Work to be completed: Would you print out all of the data exactly and keep the pictures out of it?

Source data:

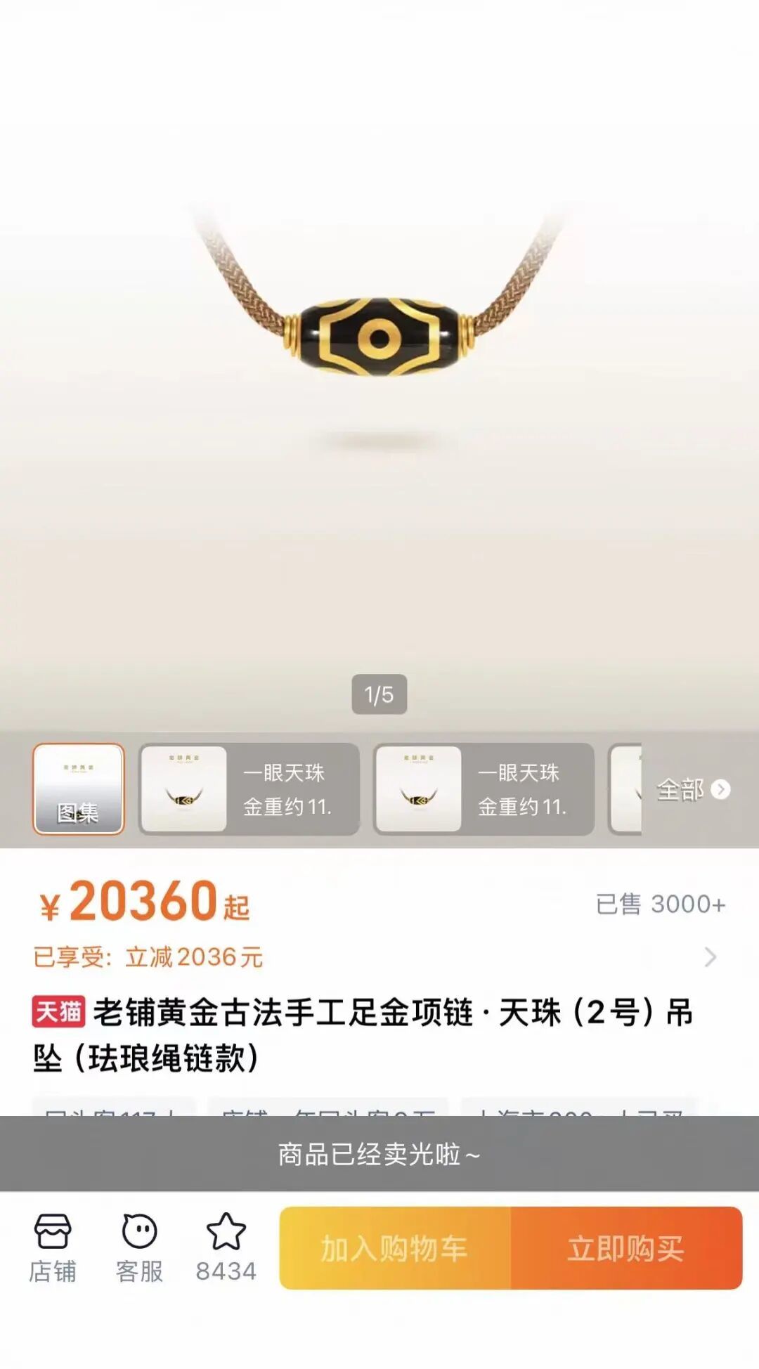 记者留意到,2月26日,老铺黄金淘宝官方旗舰店上的多款热销产品,如七子葫芦、天珠、花丝八宝吊坠等已售罄。多款产品售罄的原因是品牌天猫旗舰店在2月26日14时开启了“满1000减100”的促销活动。
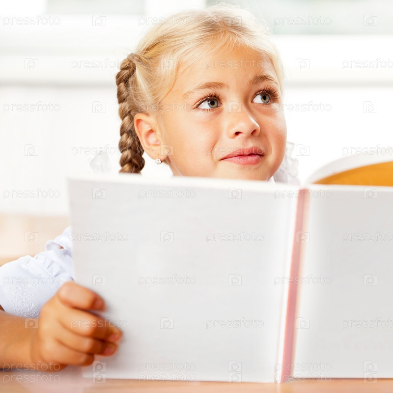 Школьница читает книгу
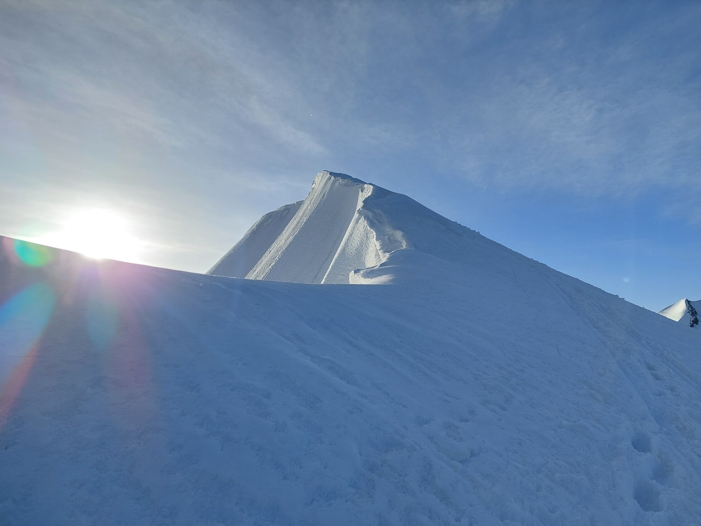 Aufstieg 6:30 Uhr zur Roccia Nera vom Biwak angenehm in gefrorenem Schnee. Die restlichen Firnpassagen waren auch gut begehbar (im Laufe vom Tag mit bisschen mehr Vorsicht wegen weichem Schnee, insbesondere beim Passieren der teils ausgesetzten Scharten). Kletterei angenehm in trockenem Fels. Momentan kann in manchen Rinnen noch im Trittschnee aufgestiegen werden. Von den Zwillingen haben wir je 2 Mal abgeseilt mit 50m Seil. Komplette Tour mit Steigeisen gegangen.

Expected answer:
 记者留意到,2月26日,老铺黄金淘宝官方旗舰店上的多款热销产品,如七子葫芦、天珠、花丝八宝吊坠等已售罄。多款产品售罄的原因是品牌天猫旗舰店在2月26日14时开启了“满1000减100”的促销活动。
 Школьница читает книгу
 Aufstieg 6:30 Uhr zur Roccia Nera vom Biwak angenehm in gefrorenem Schnee. Die restlichen Firnpassagen waren auch gut begehbar (im Laufe vom Tag mit bisschen mehr Vorsicht wegen weichem Schnee, insbesondere beim Passieren der teils ausgesetzten Scharten). Kletterei angenehm in trockenem Fels. Momentan kann in manchen Rinnen noch im Trittschnee aufgestiegen werden. Von den Zwillingen haben wir je 2 Mal abgeseilt mit 50m Seil. Komplette Tour mit Steigeisen gegangen.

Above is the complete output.